I have the /tmp partition of my OpenBSD system on a memory disk. Why? All of /tmp is cleared on a reboot anyway so I don’t store valuable data there. Besides that, it speeds up access (more on that later) and I have 12G of RAM to waste. So why not waste it on a memory filesystem.

Settings Things Up

Although OpenBSD has support for tmpfs it is disabled by default since it’s not properly maintained anymore. The other available memory filesystem is mfs - the memory filesystem (MFS) - that creates a RAM disk backed by your local swap partition.

I assume you have a swap partition, have you? If not, consider reinstalling and make sure that you have one. Find out your partition by using swapctl:

$ swapctl
Device      1M-blocks     Used    Avail Capacity  Priority
/dev/sd1b        2048        0     2048     0%    0

Creating a MFS is as easy as mounting a regular FFS partition. Just specify any flags you want and provide the name of your swap partition. Here is an example mount where I mount a 2G MFS:

# mount_mfs -o nodev,nosuid,async -s 2048m /dev/sd1b /mnt/
# mount | grep mnt
mfs:80942 on /mnt type mfs (asynchronous, local, nodev, nosuid, size=2048 1M-blocks)

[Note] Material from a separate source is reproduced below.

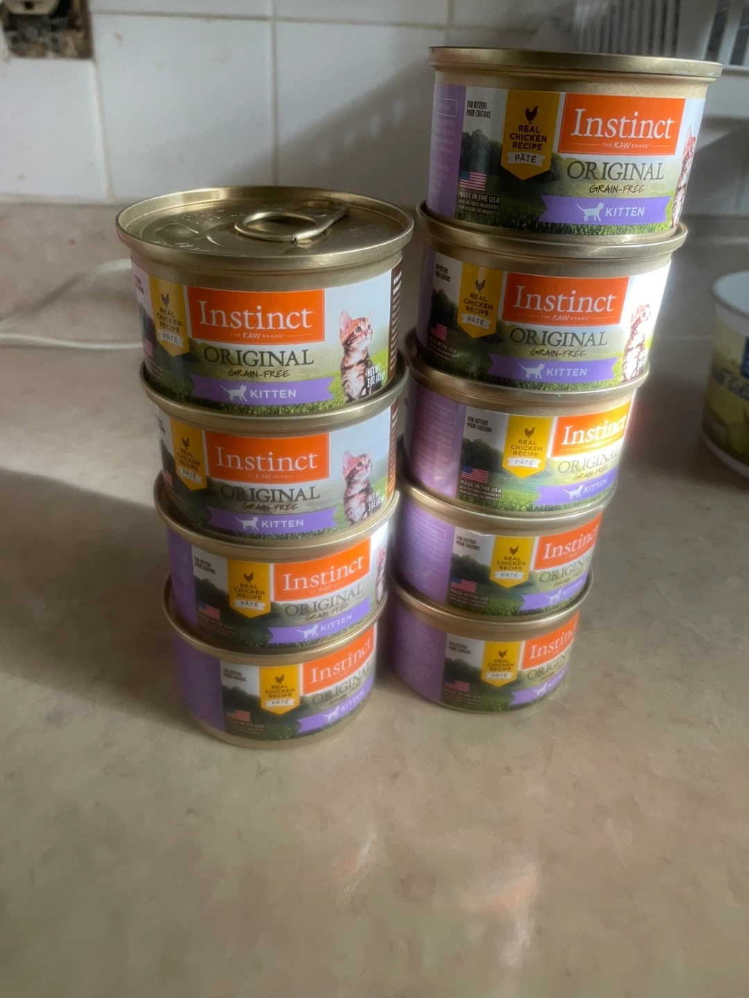 Selling a stack of Instinct Original Grain-Free Pate for Kittens! These are the chicken recipe. Expiration dates vary, with some expiring in February 2028 and others in December 2027
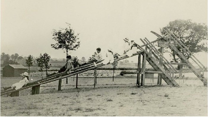 سرسره توسط چارلز ویکستید( نفر ایستاده) اختراع شد که اول آن را برای پارک خودش درست کرده بود ولی سپس تصمیم گرفت سرسره های بیشتری بسازد و به بقیه هم بفروشد. او وسیله های بازی دیگری هم ساخته است.

Persist the MFS after the next Boot

Simply add an entry similar to the following to your /etc/fstab and make sure that the existing entry for /tmp is commented out. The maximum size is 2G and I use the usual mount flags. I also use async since the content will be lost upon reboot anyway.

#  cat /etc/fstab | grep tmp
swap    /tmp mfs rw,nodev,nosuid,async,-s=2048m 0 0

Set correct Permissions

Since MFS inherits the permissions from the root directory make sure that the permissions of the /tmp are 1777 (sticky bit). You can safely achieve this by rebooting into single user mode (reboot and type bsd -s at the loader prompt), fix the permissions and switch to multi-user mode.

Moving Firefox Cache to /tmp

One of my use cases to having /tmp on a MFS is to prevent that the Firefox disc cache ends up in $HOME/.cache. To set the non-standard location, start Firefox and navigate to about:config. Create a new string-based entry called browser.cache.disk.parent_directory and set the value to /tmp. Restart Firefox and you should see a new directory appearing. You can also check by navigating to about:cache.

Caution if you use multiple instances of Firefox running under different users. If you set the config value simply to /tmp the first running instance will create the cache directory and tighten the permissions so others cannot use it anymore. In this case, just set different path for each instance.